Для Добиаш-Рождественской незыблемость замков и железо доспехов – это своего рода декорация, которой эпоха скрывает от собой себя бурлящее в ней неспокойствие, выражающееся в бесконечных потоках паломников и крестоносцев. Но сегодня можно внести в эту картину поправку. Не будь этой неподвижности декора, сама внутренняя динамика человеческого существования не могла бы обрести выражение. Неподвижность структуры делает возможным это внутреннее движение. В этом смысле Крестовые походы особенно поучительны. Их двигателем была жажда спасения, то есть именно жажда рая. Но сама номадическая военная машина походов воплощала в себе все что угодно, кроме райского блаженства. По существу, она была настоящим воплощением ада на земле. В каком-то смысле можно сказать, что крестоносцы создают тот ад, из которого они непрерывно бегут к раю.

Знаменитый летописец Первого крестового похода Фульхерий Шартрский рассказывает об «аде» этого похода, о том, как часто крестоносцев

расчленяют, распинают на крестах, с них сдирают кожу живьем, расстреливают из луков, рубят на куски и подвергают всевозможным мучениям.
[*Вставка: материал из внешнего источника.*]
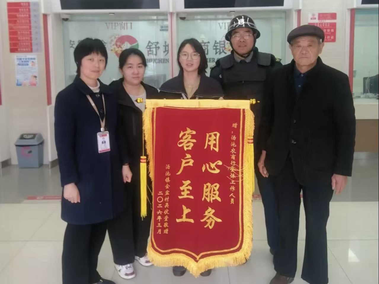 3月15日上午,舒城县汤池镇金盆村的吴大爷专程来到舒城农商银行汤池支行,将一面印有“客户至上,用心服务”的锦旗送到工作人员手中,对支行长期以来的贴心关照、优质高效的金融服务表示高度认可与衷心感谢。

Но ни угрозами, ни разными посулами их не сломить. Более того, когда меч уже в руках убийцы, многие из наших решают принять смерть ради любви Христа. Сколько же тысяч мучеников почило в этом походе блаженной смертью! И кто может быть настолько черств сердцем, чтобы, услышав об этих деяниях Божьих, не проникнуться глубоким состраданием и не излиться в похвалах Богу?7

Неизбежно возникает вопрос о том, каков смысл этого движения к блаженству, к трансцендентному, к Единому, к абсолюту через описанные Фульхерием пытки и муки? Сегодняшнему человеку невольно в голову приходит понятие опыта, телесного и внутреннего травматического проживания пути. Трансцендентное тут задается не в категориях внятных и определенных схем (замка на горе), но в виде чего-то неопределенного, чей смысл может быть постигнут через максимальную полноту опыта. Путь, движение из ада в рай проходит через опыт. И опыт этот во имя достижения своей полноты призван быть адским.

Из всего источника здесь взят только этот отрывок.